▶ _Work to complete_: Your answer must be exactly the lines from the one containing "Mme Drouin entourée" through the end of the material, both ends included, without pictures.

▶ _Given data_:
○ ○ ○ ○ ○ ○ ○
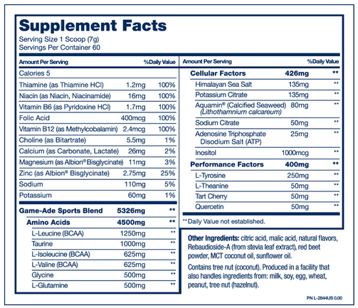 GAME-ADE is more than just a sports drink. This is a revolutionary, elite performance product designed to help enhance the mental focus, endurance, work capacity, and physical output of all athletes. Forged from PVL's guaranteed quality and "banned substance-free" performance values, GAME-ADE contains key ingredients such as Adenosine Triphosphate Disodium Salt (ATP), Tart Cherry, Quercetin, and "Gold Medallion" Certified Albion Minerals to help you to #fliptheswitch.
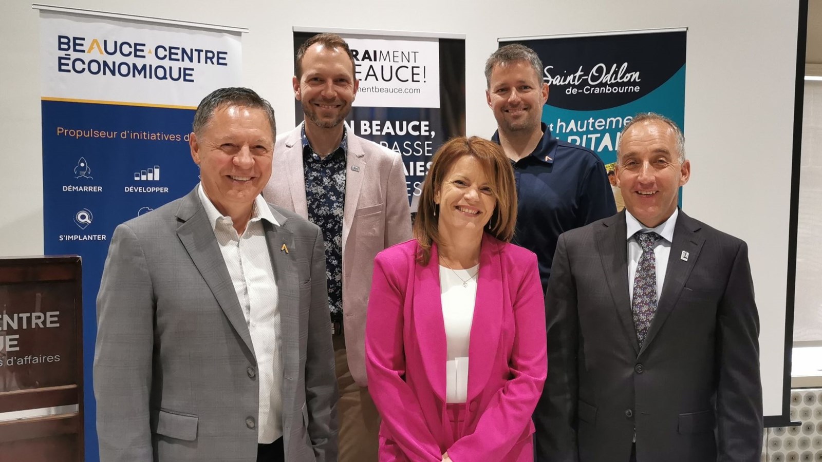 Mme Drouin entourée de Daniel Chaîné, directeur général de Beauce-Centre Économique, de Patrice Mathieu, maire de la Municipalité de Saint-Odilon-de-Cranbourne, de Sébastien Boily, représentant de Blanchette Vachon, partenaire officiel de la Soirée des Sommets, et de Pierre-André Bégin, président du conseil d'administration de Beauce-Centre Économique.
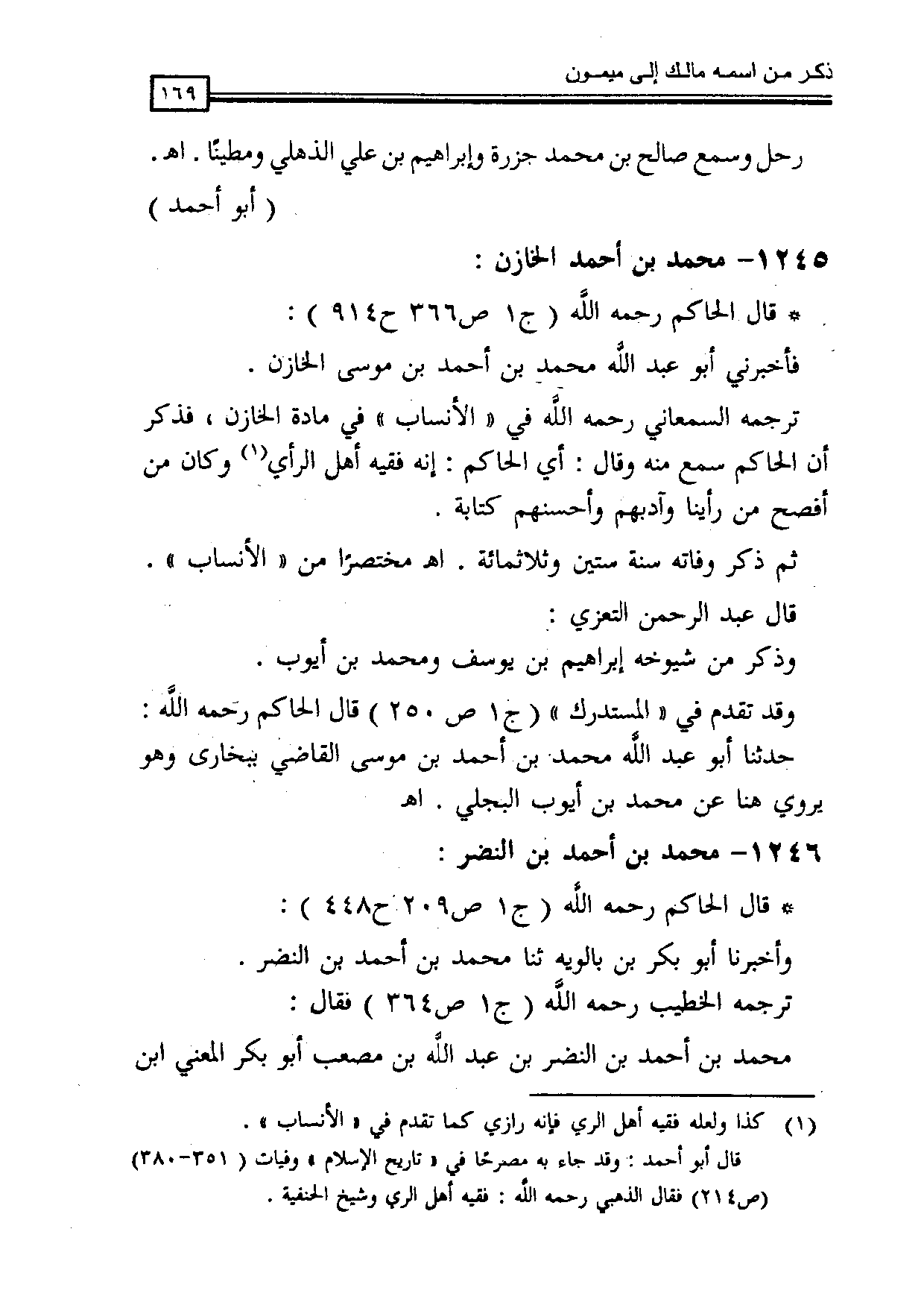 ترجمه السمعاني رحمه الله في «الأنساب» في مادة الخازن، فذكر أن الحاكم سمع منه وقال: أي الحاكم: إنه فقيه أهل الرأي، وكان من أفصح من رأينا وآدبهم وأحسنهم كتابة.
○ ○ ○ ○ ○ ○ ○
▶ _Answer box_:
 Mme Drouin entourée de Daniel Chaîné, directeur général de Beauce-Centre Économique, de Patrice Mathieu, maire de la Municipalité de Saint-Odilon-de-Cranbourne, de Sébastien Boily, représentant de Blanchette Vachon, partenaire officiel de la Soirée des Sommets, et de Pierre-André Bégin, président du conseil d'administration de Beauce-Centre Économique.
 ترجمه السمعاني رحمه الله في «الأنساب» في مادة الخازن، فذكر أن الحاكم سمع منه وقال: أي الحاكم: إنه فقيه أهل الرأي، وكان من أفصح من رأينا وآدبهم وأحسنهم كتابة.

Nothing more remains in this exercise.